Current Mission Location – Maryknoll Sisters Center- Maryknoll, NY
Rosemarie, better known as Ro, Milazzo was born April 21, 1932 in Brooklyn, NY to Maria (Lo Faso) Milazzo and Ciro Milazzo. She had 9 siblings: 6 brothers: Frank, John, Joseph, Sal, Tom and Ciro, Jr. and 3 Sisters: Isabella, Santina and Cecilia. Ro graduated from Bay Ridge High School, Brooklyn in 1949.
In 1954, Ro earned a Bachelor of Arts in Music education from Brooklyn College, Brooklyn, NY.
After teaching in a New York City public school for 3 years, Rosemarie Milazzo entered the Maryknoll Sisters Congregation Dec. 30, 1959 at the novitiate in Valley Park, MO. She professed First Vows August 22, 1959 in Valley Park and Final Vows June 24 in New York City.
From 1962-’63, Sister Ro was a student at Valley Park. Her first mission assignment was to Transfiguration School in New York’s Chinese section of Manhattan where she taught for four years and then was appointed principal for four more years.
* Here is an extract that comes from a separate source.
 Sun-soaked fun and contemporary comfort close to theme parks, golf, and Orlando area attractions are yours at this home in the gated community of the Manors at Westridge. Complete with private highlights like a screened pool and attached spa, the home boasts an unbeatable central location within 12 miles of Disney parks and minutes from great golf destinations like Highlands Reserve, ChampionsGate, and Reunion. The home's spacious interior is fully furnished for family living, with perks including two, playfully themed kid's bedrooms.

She worked to move Transfiguration School from a traditional parochial school to a community school, involving many local people in the life of the school.
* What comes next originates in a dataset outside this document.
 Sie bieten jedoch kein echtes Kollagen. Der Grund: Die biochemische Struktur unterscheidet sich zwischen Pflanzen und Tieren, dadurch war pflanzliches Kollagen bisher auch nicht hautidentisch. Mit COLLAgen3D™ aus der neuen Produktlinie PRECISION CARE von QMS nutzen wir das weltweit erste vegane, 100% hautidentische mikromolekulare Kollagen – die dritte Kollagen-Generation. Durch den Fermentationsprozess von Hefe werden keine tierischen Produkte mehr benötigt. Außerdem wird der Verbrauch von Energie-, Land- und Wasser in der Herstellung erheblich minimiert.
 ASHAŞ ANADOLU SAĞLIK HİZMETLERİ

Sister Ro’s first overseas mission assignment was to East Africa in 1971, and after studying Swahili, was assigned to begin teacher training at the teacher training college in Kitale, Kenya. She was there for three years and continued teacher training in Eldoret for five more years. She was home in New York for three years for family ministry, returning to Kenya in 1982. Sister Rosemarie was assigned to the Bura Tana irrigation project, an initiative set up by the World Bank and Kenya’s government to reclaim the desert. She worked there for eight years doing literacy, serving Christian communities, women’s groups, and others.
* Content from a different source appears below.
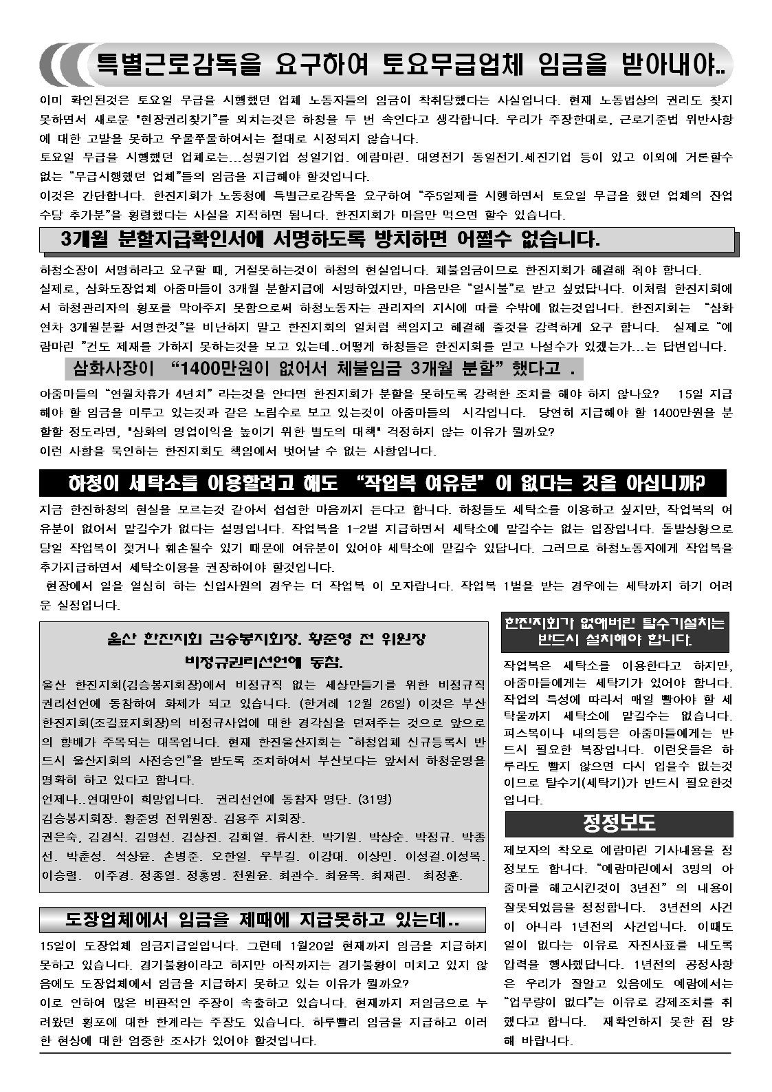 - 한진비정규노조추진위

Much of her work there was building community as there were landless, homeless people brought to Bura Tana to work and live there. They were strangers to the desert, strangers to each other, and strangers to the nomads who inhabited the desert. Sister Rosemarie did much communication work, group building exercises, etc. in order to help people know one another better. The nomads living in the desert did not know Swahili, the local Language, so Sister Rosemarie taught Swahili there.
Back in New York, from 1991-1996, Sister Rosemarie served global mission as a member of the Maryknoll Sisters’ vocation ministry in Maryknoll, NY.
In 1996, she returned to Africa, this time to Mwanza, Tanzania. She began an AIDS project in the village, set up support groups, advocated for people living with HIV/AIDS, worked with orphans, and set up a school for special needs children.
In 2003, Ro was asked to be the congregational personnel director at Maryknoll, NY, for a term of four years. When she finished this ministry, she joined the Christian Peacemaker Teams (CPT), which offers an organized, nonviolent alternative to war. As a team, CPT members practice a lifestyle of prayer, community, and faith in the transforming power of nonviolence in their own lives and in the world. After completing CPT training in 2007, Sister Rosemarie served on peace missions in Hebron in the Middle East and with the Aboriginal Justice Team in Canada for three months. She also served on a CPT team that cared for refugees during the ongoing civil war in the Democratic Republic of Congo. Her next CPT assignment was peace-building in northern Iraq.